**DATASET EXTRACT:**
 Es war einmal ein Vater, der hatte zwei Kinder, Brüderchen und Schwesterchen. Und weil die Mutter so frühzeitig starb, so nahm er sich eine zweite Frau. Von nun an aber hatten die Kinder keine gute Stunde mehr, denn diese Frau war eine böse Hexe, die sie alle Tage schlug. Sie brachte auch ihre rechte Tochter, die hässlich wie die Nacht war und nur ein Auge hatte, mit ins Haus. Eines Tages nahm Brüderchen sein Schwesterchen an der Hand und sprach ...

==

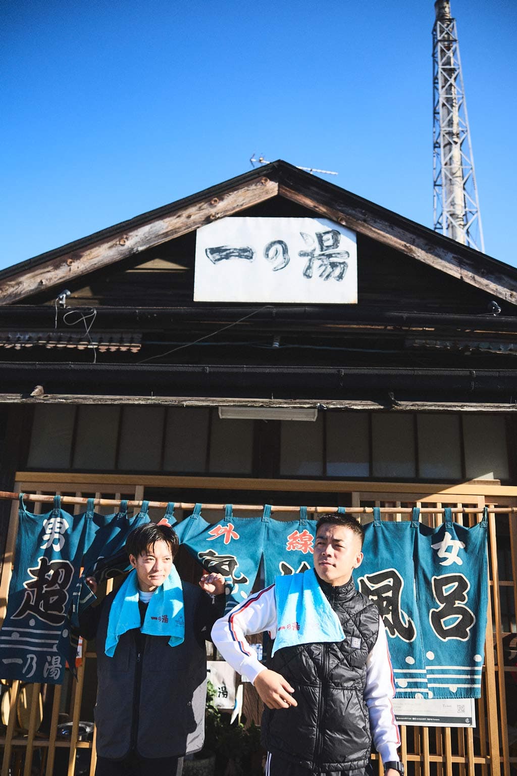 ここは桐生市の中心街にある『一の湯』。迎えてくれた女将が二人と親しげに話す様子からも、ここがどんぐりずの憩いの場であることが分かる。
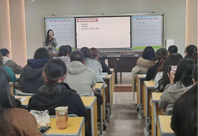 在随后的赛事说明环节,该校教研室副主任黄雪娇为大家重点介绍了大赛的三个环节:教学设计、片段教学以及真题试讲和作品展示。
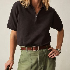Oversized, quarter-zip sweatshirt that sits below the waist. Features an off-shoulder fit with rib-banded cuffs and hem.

**WHAT IS REQUIRED:** Using the data above, output the line that has "ここは桐生市の中心街にある『", the line that has "Oversized, quarter-zip sweatshirt", and whatever lines fall between, each exactly as it stands and without pictures.

**REPLY TO THE TASK:**
 ここは桐生市の中心街にある『一の湯』。迎えてくれた女将が二人と親しげに話す様子からも、ここがどんぐりずの憩いの場であることが分かる。
 在随后的赛事说明环节,该校教研室副主任黄雪娇为大家重点介绍了大赛的三个环节:教学设计、片段教学以及真题试讲和作品展示。
Oversized, quarter-zip sweatshirt that sits below the waist. Features an off-shoulder fit with rib-banded cuffs and hem.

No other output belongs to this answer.